[configure] Collecting Performance Metrics With sar and iostat on Minimal-OS Nodes

jing2uo · jing2uo · commit 685facd92223 · 2026-04-22T23:36:02.000+08:00
diff --git a/docs/en/solutions/Collecting_Performance_Metrics_With_sar_and_iostat_on_Minimal_OS_Nodes.md b/docs/en/solutions/Collecting_Performance_Metrics_With_sar_and_iostat_on_Minimal_OS_Nodes.md
@@ -0,0 +1,89 @@
+---
+kind:
+   - How To
+products:
+   - Alauda Container Platform
+ProductsVersion:
+   - 4.1.0,4.2.x
+---
+## Issue
+
+Troubleshooting a slow node usually starts with `sar`, `iostat`, or `vmstat` to see CPU load, memory pressure, disk throughput, and context-switch rates. On modern container-optimised node OSes these tools are not installed into the host PATH by design — the OS image is intentionally minimal. Running `sar` via SSH returns `command not found`, and operators lose a familiar first-level triage surface.
+
+## Root Cause
+
+ACP nodes typically run an immutable, minimal operating system. These distributions omit discretionary packages (including `sysstat`, which provides `sar`, `iostat`, `mpstat`) to reduce the attack surface and keep the image small. Installing the package directly on the host is either impossible (read-only root) or discouraged (the change is rolled away at the next node reconcile).
+
+The pragmatic replacement is `kubectl debug node`. It schedules a privileged ephemeral pod that shares the node's namespaces, mounts the host's root at `/host`, and runs a toolbox image of your choosing. Anything that would have been installed on the host can live in that image instead, so a node is never modified outside its declarative configuration.
+
+## Resolution
+
+Run `sysstat` inside a debug container rather than on the node. Two patterns work well:
+
+### One-Off Samples
+
+For an ad-hoc look, run a one-shot debug pod that includes the tools.
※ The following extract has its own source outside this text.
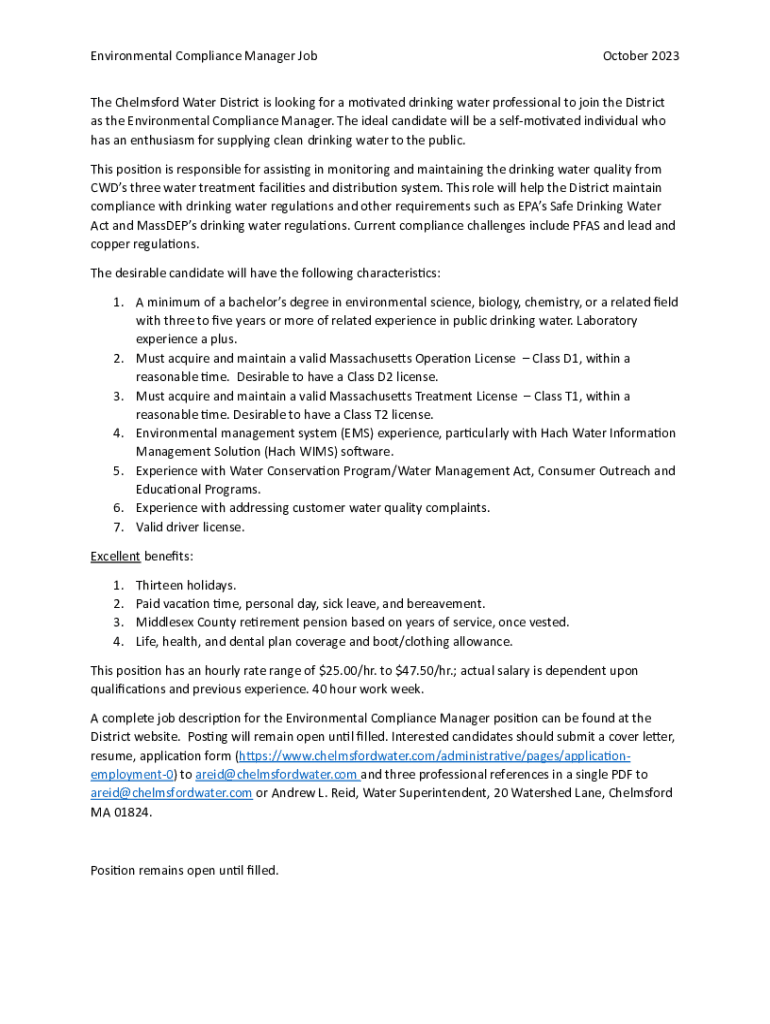 Environmental Compliance Manager Job October 2023The Chelmsford Water District is looking for a motivated drinking water professional to join the District

Any image carrying `sysstat` works; the example below uses a public image that ships the package.
+
+```bash
+NODE=<node-name>
+IMAGE=quay.io/praqma/network-multitool:latest   # includes iproute, sysstat, tcpdump
+
+kubectl debug node/$NODE -it --image=$IMAGE -- chroot /host sh -c '
+  sar -q 1 10;    # load average
+  sar -r 1 10;    # memory
+  sar -u 1 10;    # CPU total
+  sar -P ALL 1 10;# CPU per core
+  sar -d 1 10;    # block devices
+  sar -w 1 10;    # context switches
+  iostat -xz 1 10 # extended I/O stats
+'
+```
+
+If you only need a quick single reading, drop `chroot /host` — the `sysstat` tools read from `/proc` and `/sys`, which the debug pod can see through the host-namespace mount at its own `/proc` when started with the `--profile=sysadmin` flag.
+
+### Continuous Captures
+
+For flaky slowness that only shows up intermittently, dump the sampling to a file on the node and copy it out after the fact. The debug pod exits after the command; write the output to a host path that survives:
+
+```bash
+NODE=<node-name>
+kubectl debug node/$NODE -it --image=quay.io/praqma/network-multitool:latest \
+  -- chroot /host sh -c '
+    mkdir -p /var/log/perf-capture
+    nohup sar -A -o /var/log/perf-capture/sar-$(date -u +%Y%m%dT%H%M%SZ).dat 10 360 >/dev/null 2>&1 &
+    echo "captured PID $!; will run for 1h"
+  '
+```
+
+Collect the artefact once the window closes:
+
+```bash
+kubectl debug node/$NODE -it --image=quay.io/praqma/network-multitool:latest \
+  -- chroot /host ls -lh /var/log/perf-capture/
+```
+
+Use `kubectl cp` from a temporary sidecar pod that mounts the same host path, or rsync from a DaemonSet that exposes `/var/log/perf-capture` — `kubectl cp` cannot read node paths directly.
+
+### Guardrails
+
+- Always bound the sampling interval: `sar X N` (where `N` is iterations). An unbounded run can pile up gigabytes of samples on a node that is already under pressure.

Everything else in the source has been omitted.